Chapter 6What you can configure

This chapter lists all of the configurable settings in XML Resolver.

1The initial list of catalog files

Configuration on Java

  • Feature ResolverFeature.CATALOG_FILES (type: List<String>)

  • System property xml.catalog.files

  • Property file property catalogs

Configuration on .NET

  • Feature ResolverFeature.CATALOG_FILES (type: List<string>)

  • Environment variable XML_CATALOG_FILES

  • Property file property catalogs

A semicolon-delimited list of catalog files. These are the catalog files that are initially consulted for resolution. If no catalog files are specified, by default the resolver will attempt to use a file named catalog.xml in the current directory as a catalog.

2A list of additional catalog files

Configuration on Java

  • Feature ResolverFeature.CATALOG_ADDITIONS (type: List<String>)

  • System property xml.catalog.additions

  • Property file property catalog-additions

Configuration on .NET

  • Feature ResolverFeature.CATALOG_ADDITIONS (type: List<string>)

  • Environment variable XML_CATALOG_ADDITIONS

  • Property file property catalogAdditions

A semicolon-delimited list of catalog files.
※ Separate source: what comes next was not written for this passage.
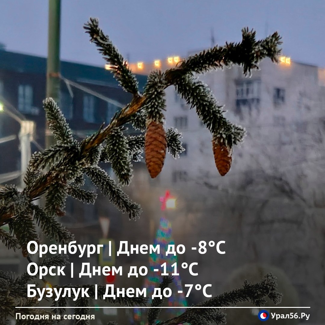 Днем пасмурно, небольшой снег.Температура воздуха в Оренбурге от -10 до -13; в Орске от -12 до -15; в Бузулуке от -8 до -11.Ветер юго-западный 5 м/с. Давление: 759 мм рт. ст.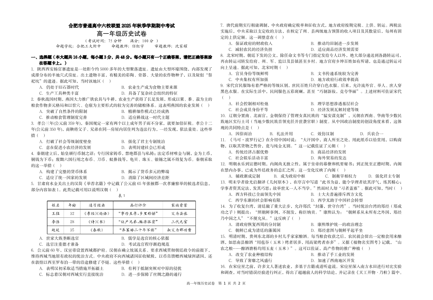 合肥市普通高中六校联盟2025年秋季学期高一年级期中考试 历史.pdf

This list is used in addition to the initial list of catalog files.

If you attempt to use both a system property and a property from a property file to create the initial list of catalog files, you’ll only get one or the other. (See prefer-property-file.)

This property provides a way to add to the current list of files. For example, suppose you use a global properties file to initialize the resolver, but for a particular application you want to search additional catalogs. You can specify them in the xml.catalog.additions system property and they’ll be appended to the list instead of replacing the list entirely as setting xml.catalog.files would.

3Specify protocol(s) allowed for URI access

Configuration on Java

  • Feature ResolverFeature.ACCESS_EXTERNAL_DOCUMENT (type: String)

  • System property xml.catalog.accessExternalDocument

  • Property file property access-external-document

Configuration on .NET

  • This setting has no equivalent on .NET

This feature restricts the protocols that are allowed during URI resolution. If an attempt is made to resolve a document and the URI for that document uses a protocol not listed in this feature, the request is rejected. See JAXP 185.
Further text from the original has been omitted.